Catch up on the latest AI articles

Machine Translation With Unsupervised Learning From Generative Language Models Only!

Machine Translation With Unsupervised Learning From Generative Language Models Only!

Natural Language Processing

3 main points
✔️ Derive a machine translation function from a language model that has only been trained on a single language
✔️ Produce translation examples through back translation
✔️ Synthesize a dataset by amplifying the translation examples

AutoFormer: Searching Transformers for Visual Recognition
written by 
Jesse Michael HanIgor BabuschkinHarrison EdwardsArvind NeelakantanTao XuStanislas PoluAlex RayPranav ShyamAditya RameshAlec RadfordIlya Sutskever
(Submitted on 11 Oct 2021)
Comments: Published on arxiv.

Subjects: Computation and Language (cs.CL); Artificial Intelligence (cs.AI)

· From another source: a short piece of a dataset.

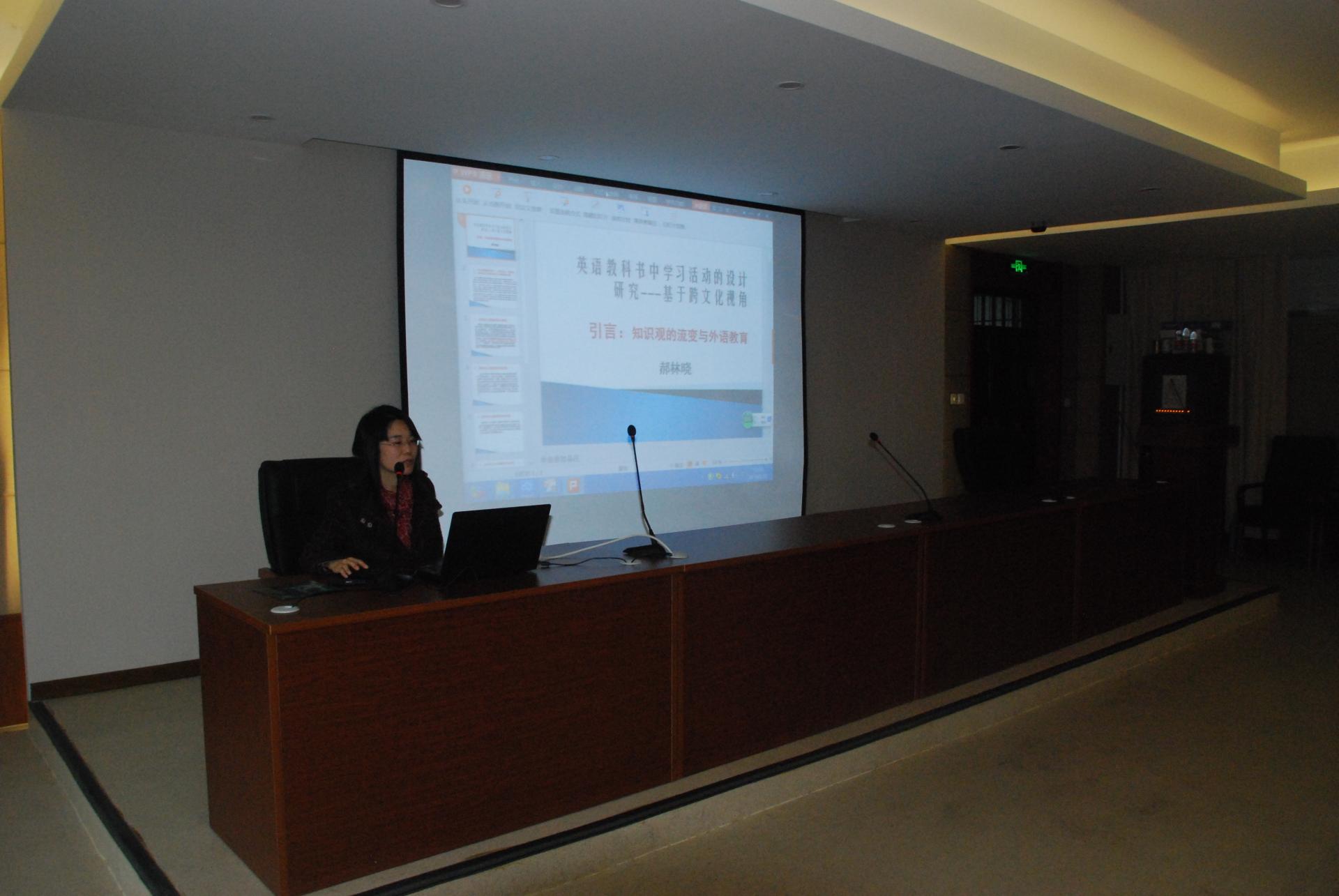 郝林晓博士从知识观的流变与外语教育着手,向与会教师介绍了现代课程知识观的概念,进而分析课程知识本质研究的走向。她指出课程知识的本质呈现出由绝对走向相对,由抽象走向境域,由先天给定走向流动意义。这一变化表明,课程知识绝无永恒的、超时空的、确定的本质。之后,她结合自身博士论文的选题和撰写过程,分享了其博士论文的研究思路与框架、研究内容及研究启示。她指出,英语教科书跨文化交际主题学习活动可以促使英语教学过程中学习者语言本体知识、语言技能和跨文化交际能力的培养同步展开,这是英语教科书跨文化交际主题学习活动的主要价值与功能所在。

The images used in this article are from the paper, the introductory slides, or were created based on them.

first of all

Unsupervised neural machine translation includes methods such as bootstrapping a weak translation model and then amplifying the translation capability through back-translation. In this work, we further simplify the existing unsupervised neural machine translation research and use only generative language models. We show that it is possible to derive state-of-the-art unsupervised neural machine translation using only pre-trained language models.


Back translation was introduced as a method of data enhancement that uses monolingual data on the target side by sampling synthetic source-to-target data from a target-to-source translation model.

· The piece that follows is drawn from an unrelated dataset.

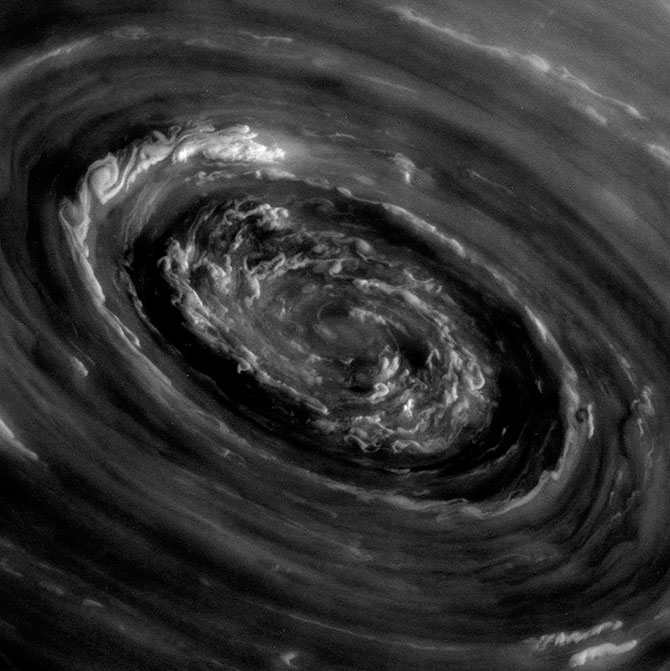 Впечатляющая полярная буря на Сатурне была заснята космическим аппаратом «Cassini».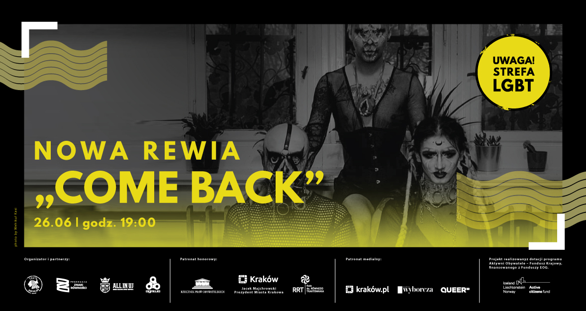 26 czerwca o 19:00 – prapremiera!!! – Nowa Rewia „Come back” w ramach projektu UWAGA! Strefa LGBT https://www.facebook.com/events/246132043976448/

In this work, we view machine translation as a language modeling task, where we jointly train and sample from a single language model for both source-to-target and target-to-source translation.

Given a bitext <seq1, seq2> in languages L1 and L2, we formulate the translation task as follows.

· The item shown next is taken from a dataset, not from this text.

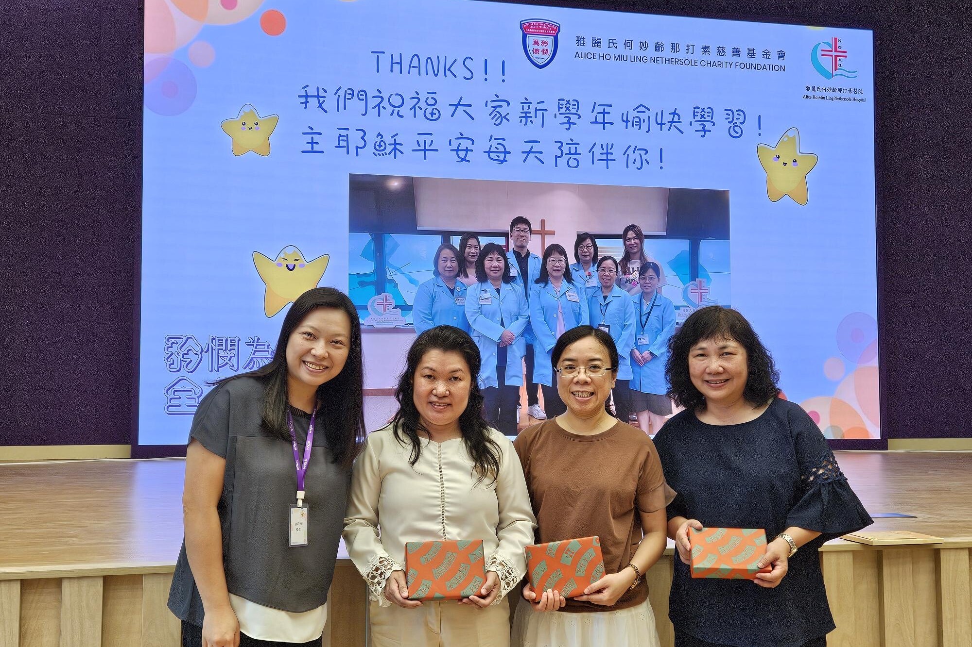 孩子書寫心意卡,向該院的醫護人員及員工送上祝福。…

[L1] <seq1> [[TRANSLATE]] [L2] <seq2>

When testing, the language model is input as [L1] <seq> [[TRANSLATE]] [L2], and the candidate translation <sampledSeq> is analyzed from the output. The reverse translation is implemented by reversing seq, and sampledSeq, and fine-tuning bitext〈sampledSeq, seq〉. Note that the same language model is used for both directions of translation.

Use a single language model for both forward and backward translation, and train it jointly in both directions at each iteration. There are different ways to train a model using back-translation.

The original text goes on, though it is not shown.